United States Court of Appeals, Third Circuit
Jun 20, 1973
483 F.2d 527 (3d Cir. 1973)

Summary

holding that the sentencing court should consider information presented by defendant and the presentence report which could be cause for mitigation, and that a fixed view at sentencing is inconsistent with judge's vested discretion to "fulfill his mandate to tailor the sentence imposed to the circumstances surrounding each individual defendant"

Summary of this case from Chick v. Government of Virgin Islands

Opinion

No. 72-2024.

Submitted Under Third Circuit Rule 12(6) March 22, 1973.

Decided June 20, 1973.

John David Egnal, Egnal Egnal, Philadelphia, Pa., for appellant.

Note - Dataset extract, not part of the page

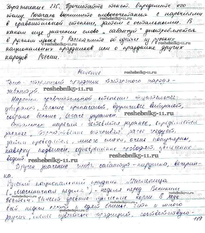 Готовая домашняя работа с ответами по Русскому языку за 7 класс Баранов, Ладыженская, Тростенцова Учебник УМК Просвещение 2015 ФГОС - Упражнения 235
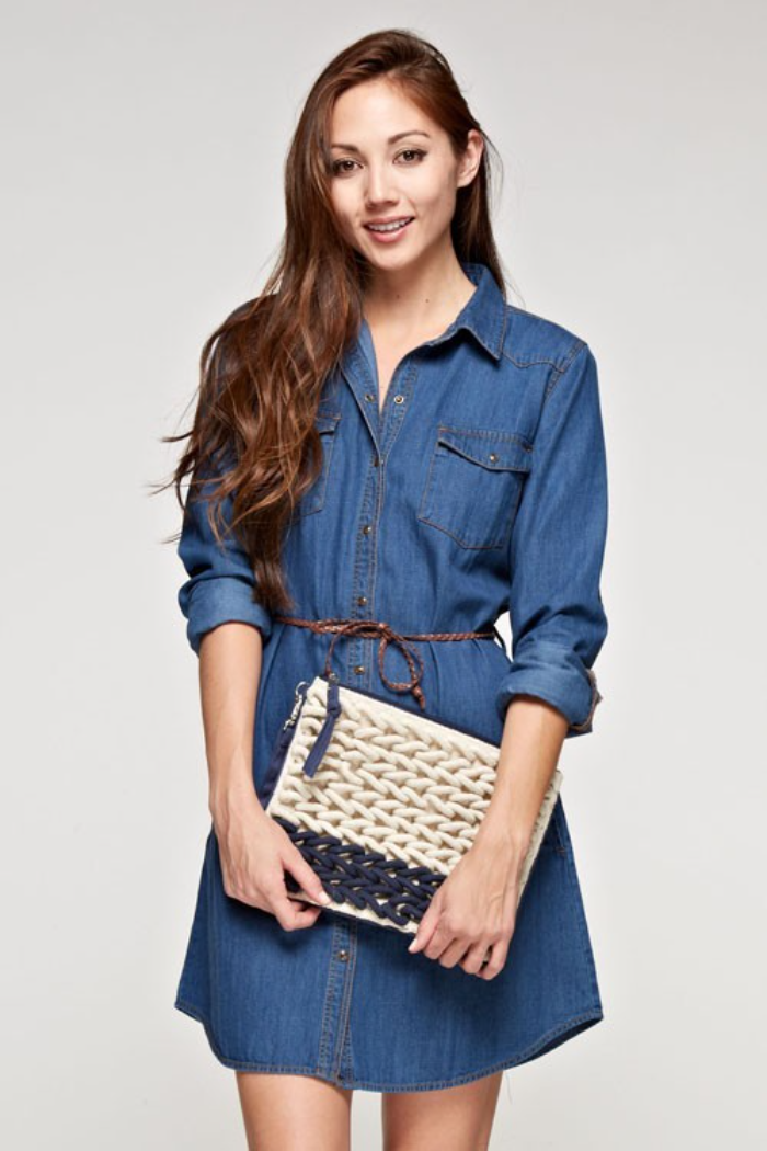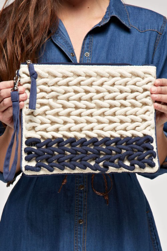 Contrast heavy yarned knitted clutch with zipper pull.

Robert E. J. Curran, U.S. Atty., Carmen C. Nasuti, Asst. U.S. Atty., Philadelphia, Pa., for appellee.

Appeal from the United States District Court for the Eastern District of Pennsylvania.

Before SEITZ, Chief Judge and ALDISERT and ADAMS, Circuit Judges.


OPINION OF THE COURT


Defendant appeals his conviction by a jury and a resulting thirty month sentence for violations of the Selective Service Act.

About a month before trial, the defendant filed an affidavit under 28 U.S.C. § 144 (1970) seeking to disqualify the district judge for personal bias against him. In his affidavit, he characterized himself as a black militant. He stated his refusal to cooperate with the Selective Service System was because as a black man, he viewed the Armed Forces as the racist arm of an imperialistic nation. Additionally, he attached to his affidavit a copy of another affidavit filed by an attorney in a separate Selective Service case tried before the same judge. That attorney's affidavit recited:

[D]uring a conversation with the [judge] in his chambers, that [judge] stated that in cases of Selective Service violation, it is his policy to sentence all violators to thirty (30) months in prison if they are good people. [The judge] also stated that the only time that he sentenced to a greater period of time was in the case of a black militant and that he sentenced him to four and one-half (4 1/2) years.

The defendant's motion to disqualify was denied from the bench.

This court recently determined this same judge committed error in refusing to disqualify himself in a case involving a conscientious objector. United States v. Townsend, 478 F.2d 1072, (3d Cir. 1973). Since defendant does not contend he is a conscientious objector, Townsend is not directly controlling. We must, therefore, turn to a consideration of whether this defendant's affidavit is sufficient under the statute.

In an affidavit of bias, the affiant has the burden of making a threefold showing:

1. The facts must be material and stated with particularity;

2. The facts must be such that, if true they would convince a reasonable man that a bias exists.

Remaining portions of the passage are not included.